Tree root imaging by electrical resistivity tomography: geophysical tools to improve understanding of deep root structure and rhizospheric processes

Tree roots influences potential biosphere-atmosphere interactions and regulates diverse biogeochemical cycles. Trees among many complex functions help in extracting soil-water at low water potentials, ensure nutrient uptake to support tree health, and provide overall stability. Hence, it becomes important to understand the complex root structure and patterns to strengthen our predictions for various rhizosphere processes which play important role in ecological studies but due to lack of appropriate instrumentation support have been lacking.
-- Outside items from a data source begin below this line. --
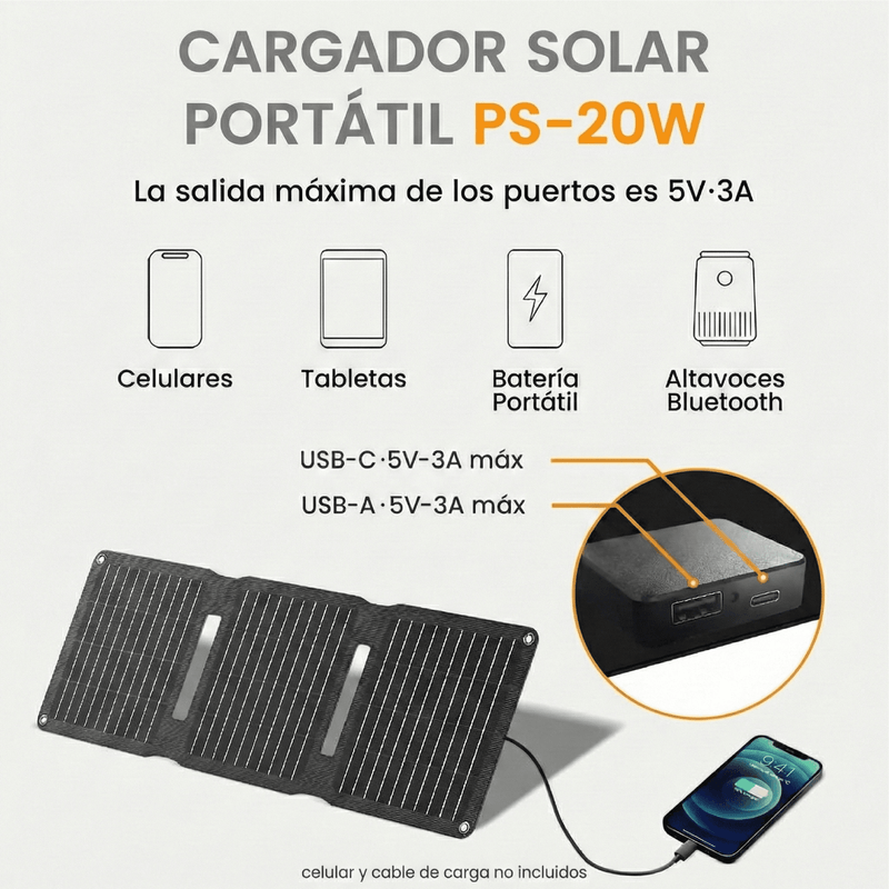 Ya sea que estés haciendo cumbre en una montaña o acampando en la playa, el Cargador Solar Portátil Nexum PS-20W mantiene tus dispositivos vivos. A diferencia de los paneles rígidos antiguos, este modelo utiliza recubrimiento ETFE de última generación, más duradero y eficiente captando luz solar.
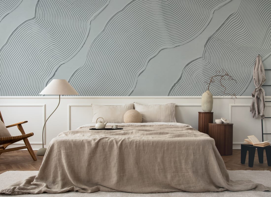 Mural Hovia Sculpt Blue AB0426BU04W przedstawia wyrafinowaną interpretację naturalnych form w miękkim, niebieskoszarym odcieniu. Dekoracja bazuje na ręcznie kształtowanej powierzchni, której warstwowy rytm został precyzyjnie wyrzeźbiony i sfotografowany w technice oddającej głębię oraz cieniowanie materiału. Organiczne linie płynnie przesuwają się przez całą kompozycję, tworząc subtelny efekt ruchu. Model Hovia AB0426BU04W Sculpt Blue doskonale wpisuje się w estetykę japandi, organic modern i nowoczesnego minimalizmu – kierunków, które łączą spokój z architektoniczną czystością. Do sypialni lub pokoju gościnnego wprowadzi wyważoną atmosferę – sprzyjającą relaksowi i wizualnemu uporządkowaniu przestrzeni. To mural, który nie zdominuje wnętrza, lecz dyskretnie je zorganizuje, opierając się na harmonii kształtów i chłodnej palecie. Wzór ten łączy rzemieślniczą precyzję z nowoczesnym podejściem do struktury i koloru.
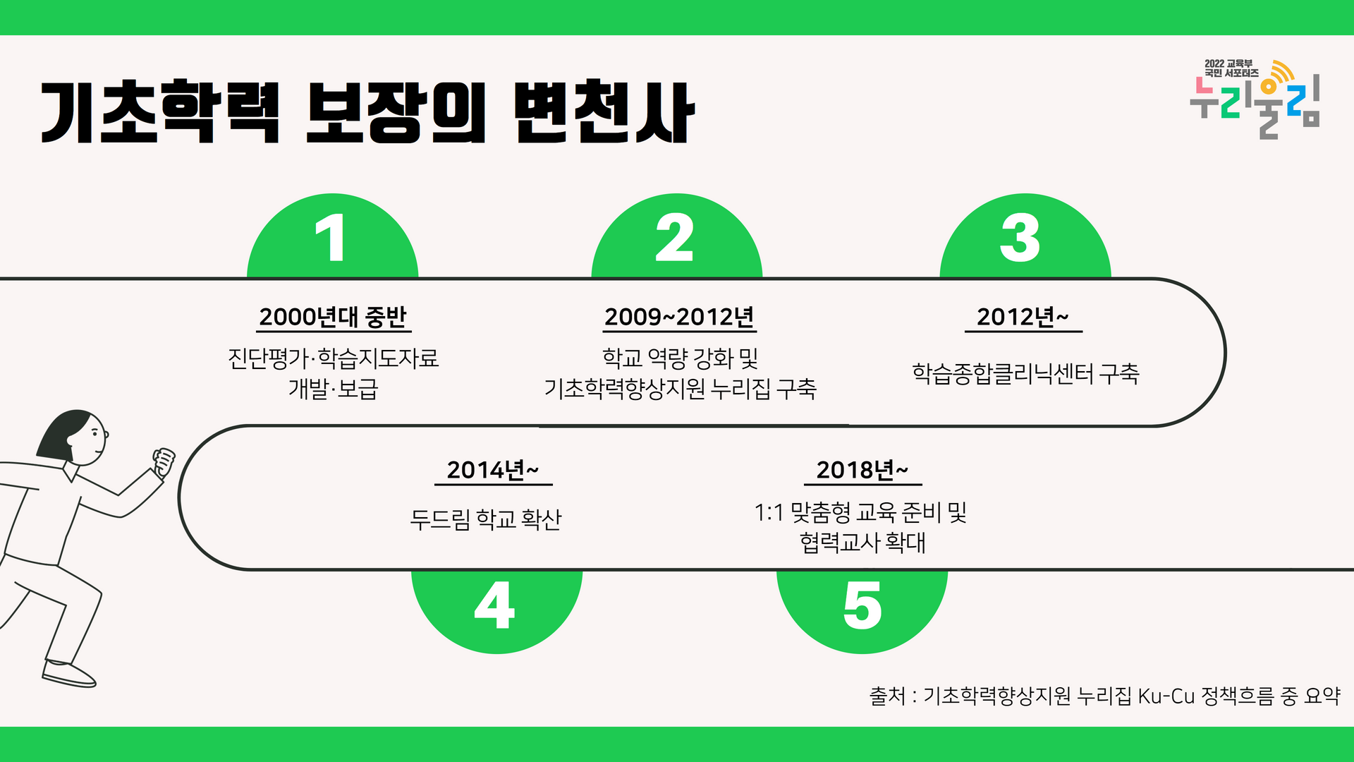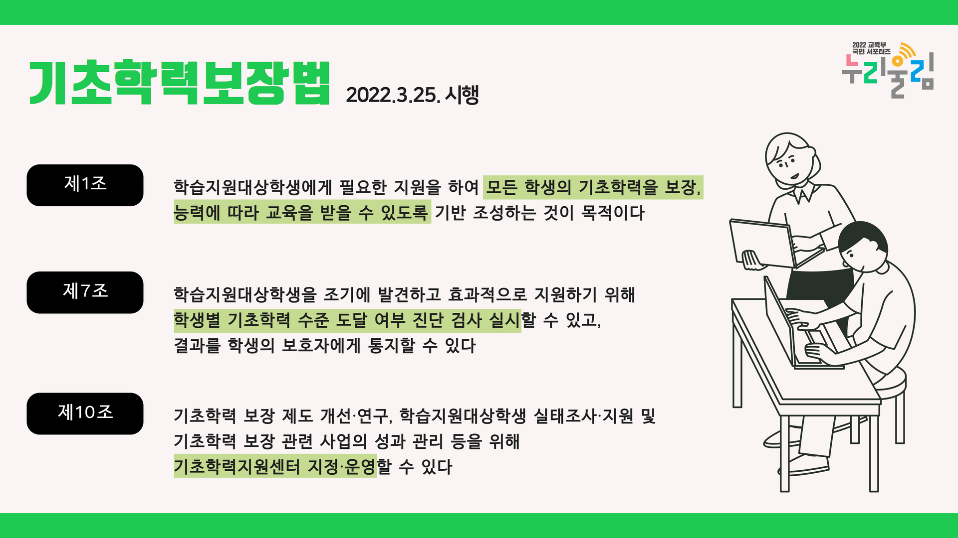 지난 3월 25일, 기초학력 평가 진단 결과를 바탕으로 체계적인 교육 환경을 지원하는 「기초학력 보장법」이 시행되었습니다. 모든 학생의 읽기, 쓰기, 셈하기 등 최소한의 성취기준을 충족시키기 위한 기초학력 보장법은 코로나로 발생한 학습 결손을 해소하는 데 중요한 역할을 할 것으로 기대됩니다. 오늘은 기초학력 보장법에 대한 자세한 설명과 함께 어떠한 단계를 거쳐 시행되고 있는지 설명해드리도록 하겠습니다.
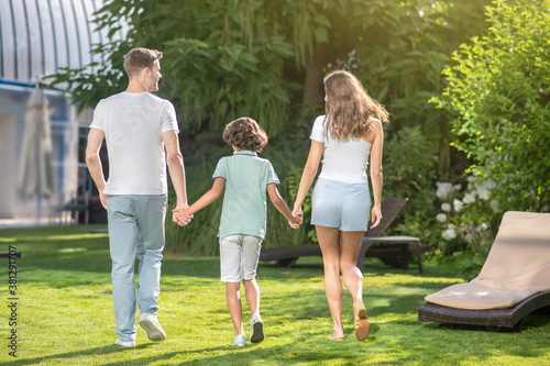 © zinkevych, Fototapeta premium Back view of family family of three holding hands, walking on grass

In the present study we have aimed at imaging the tree root biomass using 2D Electrical Resistivity Tomography (ERT) and the field measurements were carried out in the campus of the National Environmental Engineering Research Institute in Nagpur, India that has lush green 43 ha. of urban forest in the heart of Nagpur city. High-resolution resistivity tomogram with Dipole-Dipole, Schlumberger and Wenner configurations having 24 electrodes spaced 2 m apart were used to detect the spatial variability of roots. Root biomass distribution for two important tree species in the avenue plantations (Peltophorum pterocarpum (06) and Delonix regia (01) having average stem radius of 640 cm as measured by Electrical Resistivity Tomography. Results showed that Wenner array was found to be effective however, the Schlumberger and Dipole-Dipole arrays was unable to provide clear signature for root patterns and delineate root boundaries.